Con 190 millones de dólares de presupuesto, “Pacific rim”, la última película de Guillermo del Toro, era quizás la apuesta más arriesgada del año, al ser, de largo, la propuesta “original” más cara. Por “original” (así, entre comillas) se entiende que no se basa en ningún elemento preexistente, ya sea otras películas (“Monsters university”, 200 millones), libros (“Guerra mundial Z”, 190 millones), cómics y películas (“El hombre de acero”, 225 millones) o incluso series de televisión (“El llanero solitario”, 250 millones). Supuestamente, dicha originalidad debía valerle puntos en un mercado saturado de secuelas, precuales, spin-offs y demás variantes del bien conocido “apostar sobre seguro” (es un decir).

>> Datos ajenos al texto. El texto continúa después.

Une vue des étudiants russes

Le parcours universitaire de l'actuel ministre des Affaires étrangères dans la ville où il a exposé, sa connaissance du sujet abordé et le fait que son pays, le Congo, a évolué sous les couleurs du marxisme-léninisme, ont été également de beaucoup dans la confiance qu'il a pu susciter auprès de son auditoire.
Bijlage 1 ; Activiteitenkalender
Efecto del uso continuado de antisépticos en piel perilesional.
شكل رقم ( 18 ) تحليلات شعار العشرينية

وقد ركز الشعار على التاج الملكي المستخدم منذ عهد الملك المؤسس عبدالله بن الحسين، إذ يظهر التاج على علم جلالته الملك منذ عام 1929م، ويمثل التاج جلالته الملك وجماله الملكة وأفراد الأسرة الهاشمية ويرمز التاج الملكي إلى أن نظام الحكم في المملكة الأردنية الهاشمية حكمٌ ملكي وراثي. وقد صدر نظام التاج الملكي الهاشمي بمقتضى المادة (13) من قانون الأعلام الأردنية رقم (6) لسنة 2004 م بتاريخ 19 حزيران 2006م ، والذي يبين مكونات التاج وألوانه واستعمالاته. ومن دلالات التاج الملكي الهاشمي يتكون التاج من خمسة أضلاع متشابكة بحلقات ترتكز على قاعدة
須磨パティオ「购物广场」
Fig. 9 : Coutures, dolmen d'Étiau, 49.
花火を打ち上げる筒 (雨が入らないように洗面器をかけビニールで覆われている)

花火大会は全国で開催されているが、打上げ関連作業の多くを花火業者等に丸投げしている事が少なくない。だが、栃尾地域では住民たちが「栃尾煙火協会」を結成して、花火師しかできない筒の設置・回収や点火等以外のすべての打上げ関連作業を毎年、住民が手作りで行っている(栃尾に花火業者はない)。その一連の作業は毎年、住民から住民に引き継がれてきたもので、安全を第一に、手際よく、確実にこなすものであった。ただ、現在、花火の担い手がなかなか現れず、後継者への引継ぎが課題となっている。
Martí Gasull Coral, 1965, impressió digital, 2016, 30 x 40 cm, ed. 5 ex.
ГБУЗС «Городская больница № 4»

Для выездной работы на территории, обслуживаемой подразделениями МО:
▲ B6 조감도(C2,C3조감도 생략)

A la hora de la verdad, la película va a tener que currárselo para llegar a los 400 millones de recaudación mundial (gracias a unos números espectaculares en China… de donde las productoras consiguen chupar sólo el 25%).

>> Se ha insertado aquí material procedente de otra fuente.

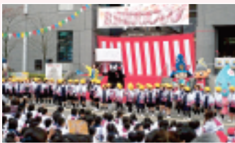
(写真: 昨年の様子です)

日時 11月8日(日) 午前9時20分～午後2時半 場所 五福まちづくり交流センター、細工町通り 内容 すり鉢舞、ステージ(舞踊団 花童、もっこすファイヤー、ハワイフラ、子ども神輿 ほか)、五福風流街商栄会による出店、活き人形師 松本喜三郎に関する展示 ほか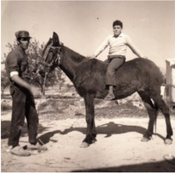
La primera cavalcada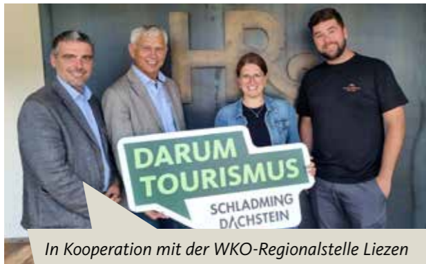
In Kooperation mit der WKO-Regionalstelle Liezen und der Raiffeisenbank Schladming-Gröbming

www.schladming-dachstein.at/darumtourismus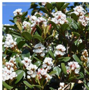
Raphiolepis umbellata - Raphiolepis umbellata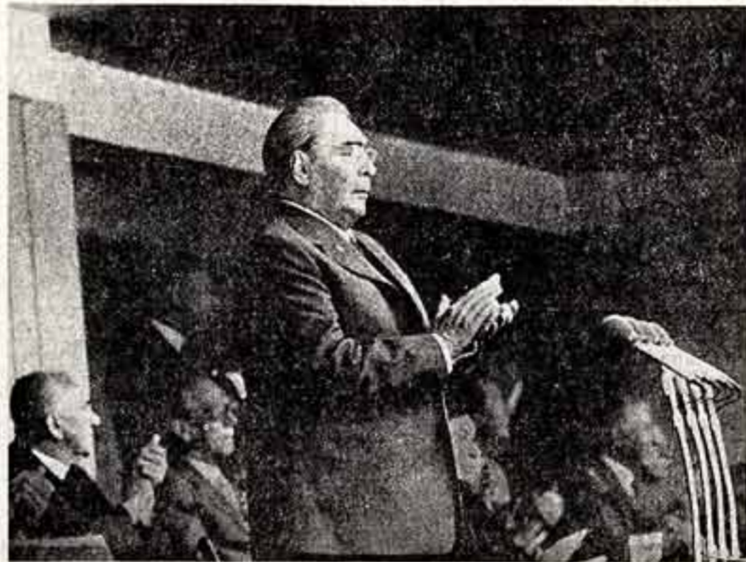
Леонид Ильич Брежнев открывает Игры XXII Олимпиады.

Более часа длится яркий, красочный парад участников — наглядное свидетельство широкой представительности стран и народов на Московской Олимпиаде.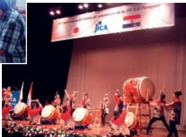
▼JICAパラグアイ30周年記念式典で、現地の2世、3世の方々和太鼓の演奏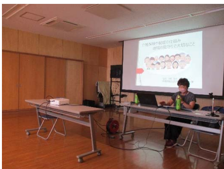
「介護保険や制度の仕組み・地域の見守りで大切なこと」

全講座に共通して、想定より参加者が集まらなかった点が残念であった。コロナ以降、地域住民の講座離れがある様にも感じる。少人数の講座の良さもあるが、地域の医師や大学教授に教えていただく貴重な機会であるので、集客を目指し、新しい周知方法も検討したい。

Vamos, que ni va a ser un fracaso estrepitoso (el título al mayor desastre económico del año anda en disputa entre “El llanero solitario”, “Asalto al poder” y “RIPD”), ni va a repartir beneficios que curen del susto a los inversores. Y eso que la promoción se atrevió a calificarla de “hito generacional”, con un impacto potencialmente similar al que tuvo “La guerra de las galaxias” en los que hoy por hoy rondan la cuarentena.

Pacific-Rim

Hoy por hoy la posibilidad de una secuela está más que en el aire (o quizás debería decir que descansa sobre los futuros resultados de Japón… que mucho me extrañaría que fueran positivos; a nadie le gusta que desde fuera jueguen con elementos culturales autóctonos), así que es improbable que del Toro tenga ocasión de corregir errores en futuras entregas. Algo que hubiera podido solucionarse tan sólo con juguetear un poco con las prioridades del proyecto, porque los mimbres estaban todos ahí, listos para ser ensamblados armoniosamente. A la postre, como ocurre a menudo, lo que falla es la columna vertebral, la estructura narrativa, dejando el experimento como una sucesión de peleas molonas, con el soporte dramático apenas suficiente para hilvanarlas (lo cual puede haber sido incluso contraproducente, pues al público no hay que irle con medias tintas; o te lo curras como en “Avatar” o abrazas irremediablemente lo descerebrado, como en la serie de Transformers).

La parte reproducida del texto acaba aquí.